More than 250 Alaska Native children who died after being taken away to boarding schools were never returned to their home. Bob Sam is trying to bring them back.
The Tlingit storyteller and University of Alaska Southeast visiting scholar is giving a presentation Friday entitled “Respecting our Ancestors” that tracks his journey from coast to coast to find the remains of these children and bring them back to where they came from. The presentation, part of the Evening at Egan series, begins at 7 p.m. at the Egan Library at UAS.
Sam is currently working with the Native American Boarding School Coalition (NABS) in supporting Tribal Nations seeking the repatriation of children buried at Carlisle, Pennsylvania, and other parts of the country. In Carlisle, he discovered 13 Alaska children, four from Ketchikan, that he aims to bring back.

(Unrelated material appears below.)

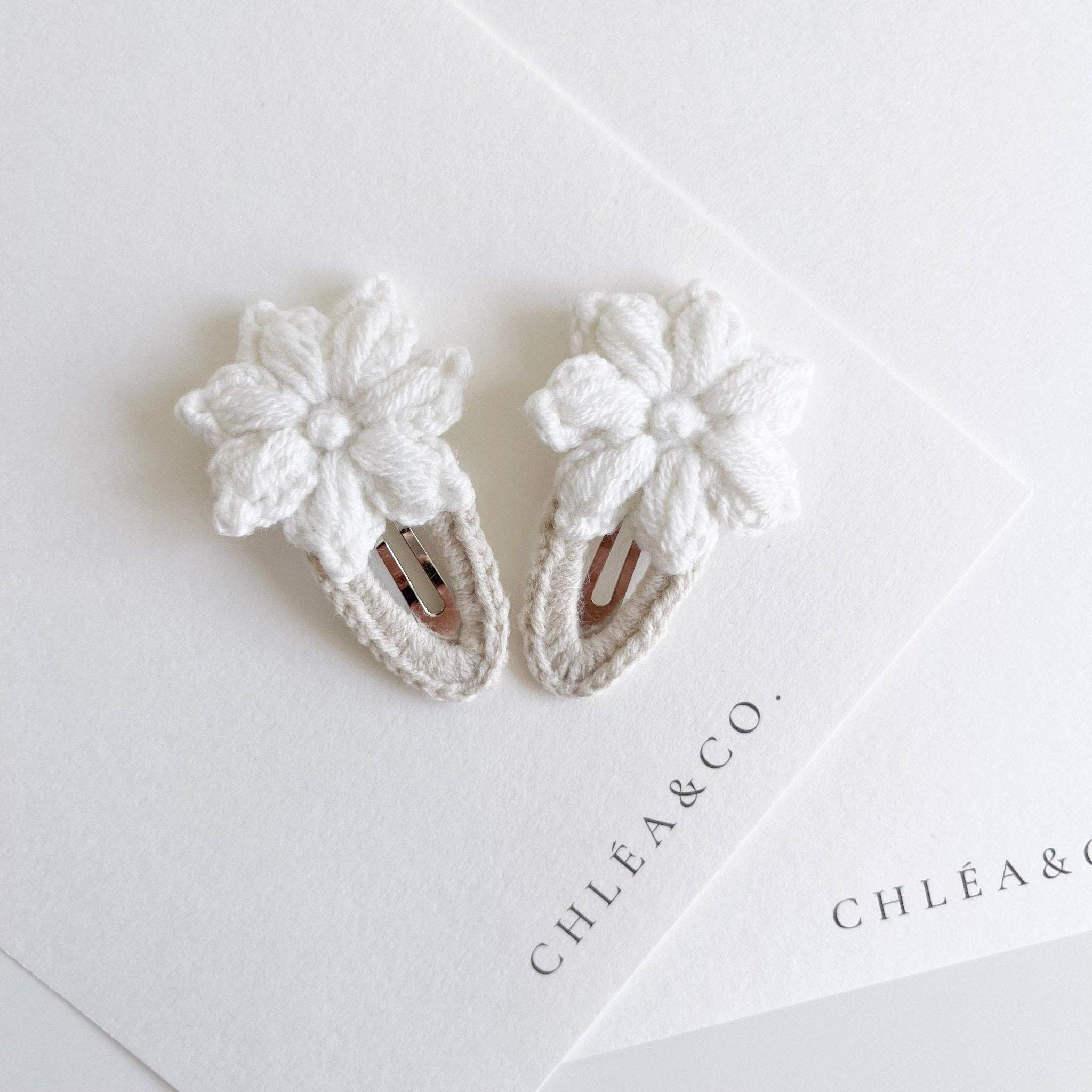 Spring Pastel Bloom Crochet Clip Set: Peach Meringue

While other tribes around the country have filed petitions to address the many issues surrounding the Boarding School Policy, Sam sees a need for Alaskans to become more involved in leading the efforts for Alaska.
NABS was created to develop and implement a national strategy that increases awareness and cultivates healing of the trauma experienced by American Indian and Alaska Natives caused by the U.S. implementation of the Boarding School Policy of 1869.
Next month, Sam will be traveling to cemeteries in Colorado.